Features

Illustration: Rame Abdulkader.
Reading Time: 2 minutes

On the homepage of YouTube, there’s a new “What I Eat in a Day” video. She presses it even though she already knows she’s going to regret it four seconds in. For most of the video, she’s looking at the woman’s body instead of the food. Mesmerized by the lean stomach, she unconsciously touches her own and grimaces at the softness there. As she watches nut butter and blueberries go into a blender, she wonders if she could stick to a diet properly if she was just never invited out to eat ever again. She knows she can’t.

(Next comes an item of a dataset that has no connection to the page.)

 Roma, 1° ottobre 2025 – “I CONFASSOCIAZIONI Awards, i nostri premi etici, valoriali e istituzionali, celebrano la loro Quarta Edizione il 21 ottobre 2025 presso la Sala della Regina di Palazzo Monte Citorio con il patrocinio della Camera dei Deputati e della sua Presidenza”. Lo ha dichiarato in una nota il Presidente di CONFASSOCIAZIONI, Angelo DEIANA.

Instagram next—her fingers already know the drill. She’s muted everyone she knows in real life so that only the influencers remain. It’s motivation, she tells herself, with just a helpful spoonful of jealousy mixed in. One of the pictures is not like the other—she looks into the profile. It definitely looks like this model has gained weight—she considers, then presses unfollow.

On the TV, the girls are being just the right amount of whiny to look cute but not bratty. She scrutinizes their hairline, their cheeks, their thighs, their calves. She can’t stop herself; she’s lifting the phone and opening the camera app. She almost cries; she’s forgotten how fat her face is, how little definition her cheekbones have. She flips back to the influencers and wills herself to forget once more.

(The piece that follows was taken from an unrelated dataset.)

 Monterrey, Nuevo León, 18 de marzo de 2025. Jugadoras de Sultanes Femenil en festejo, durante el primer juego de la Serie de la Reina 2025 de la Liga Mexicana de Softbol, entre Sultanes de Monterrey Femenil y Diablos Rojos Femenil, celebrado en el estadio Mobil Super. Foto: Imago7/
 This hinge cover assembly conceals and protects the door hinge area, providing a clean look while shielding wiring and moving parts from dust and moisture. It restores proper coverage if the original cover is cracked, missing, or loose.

Too soon, the hearts on her phone turn from white to red—she’s looked through these pictures before. She throws her phone aside and concentrates on the other screen. She wishes everyone could just be uglier.

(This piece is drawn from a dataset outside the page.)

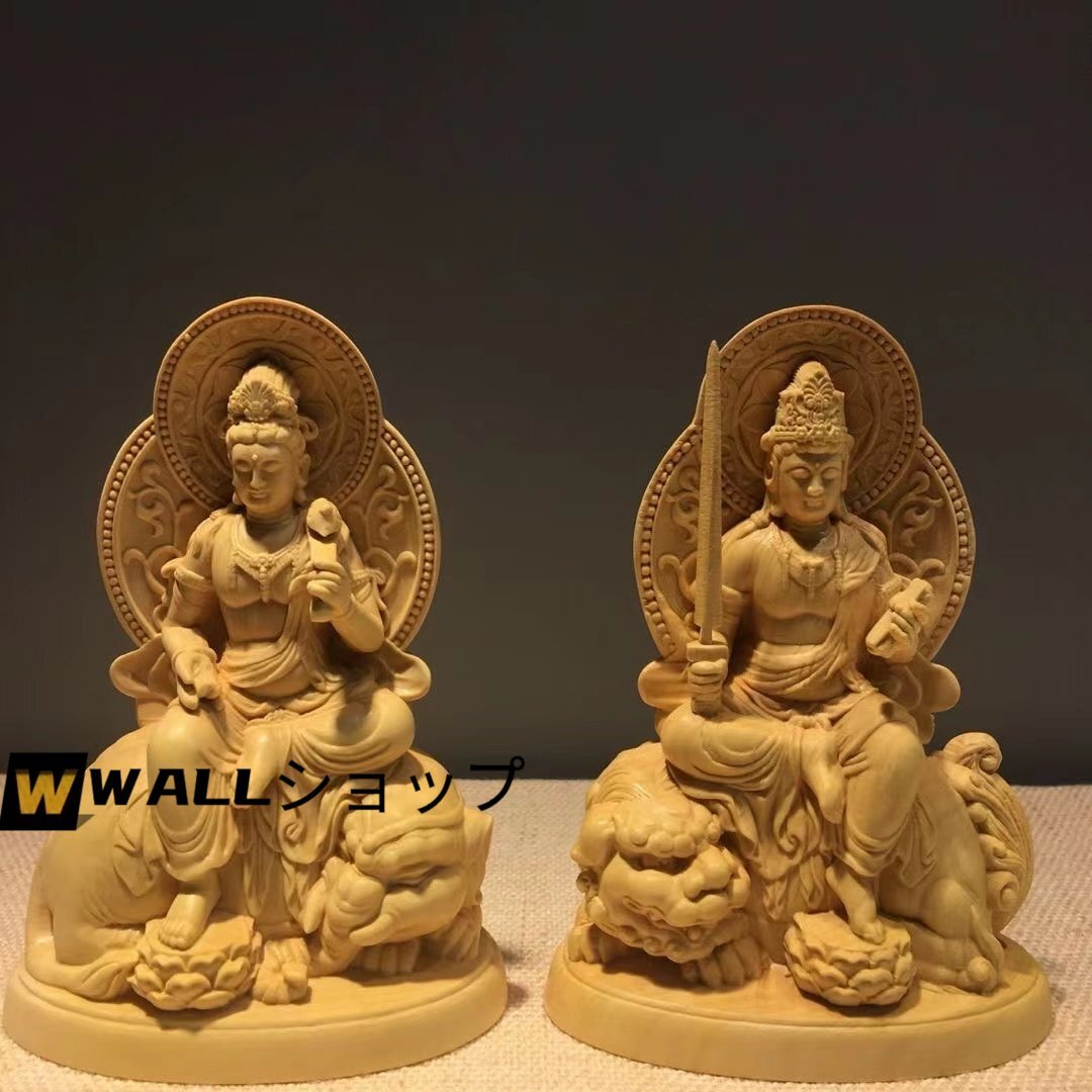 文殊菩薩 普賢菩薩 木彫り 仏像 文殊菩薩像 普賢菩薩像 座像 仏教美術 置物 木彫 仏像 黄楊木

She had been greeted with a bowl of fruit when she came home. It was the same routine every day: “No thanks, I’m full.”

“Full? Fruit isn’t food; you can eat fruit even when you’re full!”

Some days she wants to cry, to scream that the banana and grapefruit have a hundred calories each, the mango double that. But she followed the process; the obligatory taking of the fruit, the hiding of the fruit, and finally the replacing of the fruit.

“Look how fat you are now,” her mom had (jokingly?) complained when, just for fun, she had convinced her to try on her old prom dress. She had laughed hollowly. She didn’t have to look.

There’s fried chicken at the table now and she is a madwoman, tearing into the legs and breasts like a sex-crazed serial killer with their first victim. With every bite, she hates herself. She feels weak, disgusting, ashamed, guilty, but euphoric. And she doesn’t stop. She just makes sure to drink enough water between bites—for afterwards.

By the end of the day, the bathroom seems like a second home, with its bottle of white vinegar and box of baking soda standing next to the bowl, ready accomplices. It’s been coming easier lately. The key is in knowing just how to tense your stomach muscles; it’s unnaturally natural.

She pauses. For a brief second, she wonders if maybe today’s the day she can finally “just stop.”

But she already knows she’s going to be dreaming about the cakes she wants to eat first thing tomorrow morning. And she feels way too full. She leans over the toilet and empties the contents of her stomach.

Brielle Huang.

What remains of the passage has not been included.